Trade Name and Goodwill Impairment
In connection with our annual impairment testing of goodwill and nonamortizing intangible assets during the fourth quarter of fiscal 2024, and as a result of the decisions made to sell the Family Dollar business, we determined it was more likely than not that an impairment loss had been incurred with respect to the Family Dollar goodwill and trade name, and proceeded to perform a quantitative impairment test of both assets. We estimated, with the assistance of a third party specialist, the fair value of the Family Dollar trade name based on an income approach using the relief-from-royalty method. The significant estimates used in the relief-from-royalty method, which are level 3 inputs, include estimates of future growth and revenue, a company-specific royalty rate, our weighted average cost of capital adjusted by a company-specific risk premium and trade name premium. The valuation date for the Family Dollar trade name was November 30, 2024. The results of the impairment test showed that the carrying value of the Family Dollar trade name exceeded its estimated fair value resulting in the recognition of a $1,400.0 million impairment charge in the fourth quarter of fiscal 2024, which is recorded as a component of “” in the results of discontinued operations above.
Subsequent to the Family Dollar trade name and long-lived asset impairment tests, we estimated the fair value of the Family Dollar reporting unit using the expected sale price for the business as negotiated with potential third party buyers.
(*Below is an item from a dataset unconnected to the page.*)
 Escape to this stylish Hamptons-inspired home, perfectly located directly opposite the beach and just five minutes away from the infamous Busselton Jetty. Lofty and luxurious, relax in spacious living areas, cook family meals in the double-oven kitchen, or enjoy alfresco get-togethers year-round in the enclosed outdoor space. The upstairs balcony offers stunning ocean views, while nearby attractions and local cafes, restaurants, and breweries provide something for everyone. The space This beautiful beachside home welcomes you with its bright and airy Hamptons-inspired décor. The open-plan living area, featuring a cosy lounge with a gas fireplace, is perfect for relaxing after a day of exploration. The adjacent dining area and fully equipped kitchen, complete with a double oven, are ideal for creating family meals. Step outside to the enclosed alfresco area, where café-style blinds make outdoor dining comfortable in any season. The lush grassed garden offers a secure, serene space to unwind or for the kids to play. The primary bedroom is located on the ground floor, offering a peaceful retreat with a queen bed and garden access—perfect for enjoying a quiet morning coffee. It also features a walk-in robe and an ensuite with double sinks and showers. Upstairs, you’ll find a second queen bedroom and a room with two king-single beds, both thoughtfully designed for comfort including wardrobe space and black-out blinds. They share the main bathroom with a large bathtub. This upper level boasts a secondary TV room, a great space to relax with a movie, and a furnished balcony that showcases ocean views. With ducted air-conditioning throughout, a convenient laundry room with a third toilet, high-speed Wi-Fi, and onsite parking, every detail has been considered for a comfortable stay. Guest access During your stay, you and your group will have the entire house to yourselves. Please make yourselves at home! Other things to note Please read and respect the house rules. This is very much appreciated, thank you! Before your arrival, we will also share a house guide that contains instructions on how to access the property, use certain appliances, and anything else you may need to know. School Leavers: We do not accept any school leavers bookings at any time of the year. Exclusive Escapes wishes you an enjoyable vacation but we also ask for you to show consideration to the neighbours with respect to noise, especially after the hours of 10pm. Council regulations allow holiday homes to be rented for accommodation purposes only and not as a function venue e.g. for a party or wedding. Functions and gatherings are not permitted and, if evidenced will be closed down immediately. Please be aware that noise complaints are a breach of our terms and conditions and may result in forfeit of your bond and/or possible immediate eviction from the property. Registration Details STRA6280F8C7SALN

The valuation date for the Family Dollar reporting unit was November 30, 2024. The annual goodwill impairment evaluation in 2024 showed that the fair value of the Family Dollar reporting unit was lower than its carrying value resulting in the recognition of a $490.5 million impairment charge in the fourth quarter of fiscal 2024.
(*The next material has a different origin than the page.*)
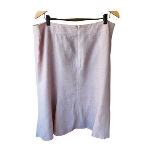Studio Plus pre-loved light pink linen knee length features a flattering trumpet style, perfect for any occasion. Made from 100% linen, this skirt is both comfortable and chic, making it a versatile addition to your wardrobe. The light pink colour adds a pop of fun to your outfit, while the lining ensures a smooth and polished look every time you wear it.

In the fourth quarter of fiscal 2023, the annual goodwill and nonamortizing intangible asset impairment evaluations resulted in the recognition of a $950.0 million trade name impairment charge and a $1,069.0 million goodwill impairment charge. The impairments were the result of the anticipated store closures under the store portfolio optimization review described previously. The fair value of the trade name was estimated, with the assistance of a third party specialist, based on an income approach using the relief-from-royalty method. The significant estimates used in the relief-from-royalty method, which are level 3 inputs, include estimates of future growth and revenue, a company-specific royalty rate, our weighted average cost of capital adjusted by a company-specific risk premium and trade name premium. The fair value of the Family Dollar reporting unit was estimated, using the assistance of a third party specialist, using a combination of a market multiple method and a discounted cash flow method. The significant estimates used in the discounted cash flow method, which are level 3 inputs, include our weighted average cost of capital adjusted by a company-specific risk premium, long-term rates of growth and profitability for the Family Dollar reporting unit, working capital effects, and changes in market conditions, consumer trends and strategy. The market multiple method utilized comparable public company revenue and profitability multiples to estimate the fair value of the Family Dollar reporting unit. The valuation date for the fiscal 2023 Family Dollar trade name and reporting unit was November 25, 2023. We have recorded cumulative goodwill impairment charges totaling $4,599.5 million, all of which related to the Family Dollar reporting unit and were recorded during the fourth quarters of fiscal 2024 ($490.5 million), fiscal 2023 ($1,069.0 million), fiscal 2019 ($313.0 million), and fiscal 2018 ($2,727.0 million).